I studied computer science myself at the TU Berlin. Afterwards, I started my own business with a company specialising in image processing. Besides my work as managing director I was responsible for the planning and implementation of image processing projects in the field of human-machine interaction: a camera was used to operate a PC, on the one hand for controlling games, but also as a method of interaction for the severely handicapped. The idea was exciting, but in 1997 it was unfortunately too early for this topic. Then I worked for a fingerprint recognition company in Berlin, among others.

I joined Aglaia in 2004 and was initially responsible for the production launch of the Blind Spot Detection System (BSD) and soon for the entire development.
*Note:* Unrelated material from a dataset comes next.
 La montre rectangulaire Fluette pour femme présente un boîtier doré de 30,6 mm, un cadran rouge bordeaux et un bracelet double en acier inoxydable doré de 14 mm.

Since December 2009 I have been managing director of the company. Thanks to my background I am still very deeply involved in our topics.


One of your solutions is called “People Sensing” and can be used, for instance, for counting customers in shops – a practical solution, especially during Corona times. How exactly does the artificial intelligence behind it work?
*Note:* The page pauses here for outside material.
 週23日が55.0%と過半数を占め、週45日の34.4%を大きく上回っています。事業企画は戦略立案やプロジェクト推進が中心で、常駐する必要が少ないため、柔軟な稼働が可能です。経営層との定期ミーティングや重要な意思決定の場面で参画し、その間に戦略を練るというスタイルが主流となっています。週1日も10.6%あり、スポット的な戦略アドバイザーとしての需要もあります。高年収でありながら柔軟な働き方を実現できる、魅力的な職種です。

People Sensing is the name of our business unit, which has been involved in automated people counting in retail and mass transit for over 10 years. Counting people does not only work with artificial intelligence, but primarily with image processing. A video camera is fitted with two cameras that function like two eyes. It’s mounted on the ceiling and estimates the 3D information between them via the two cameras. Here, you can imagine a crowd of people as a forest where people’s heads are seen like treetops. The camera can very precisely recognise and follow these treetops within an area of several metres, approx. 6x6 m, via the 3D information. By linking several cameras, this area can even be extended to more than 500 square meters. AI is then used to make the whole thing secure and for very precise tracking. Thanks to the use of AI, we can achieve high standards in people recognition.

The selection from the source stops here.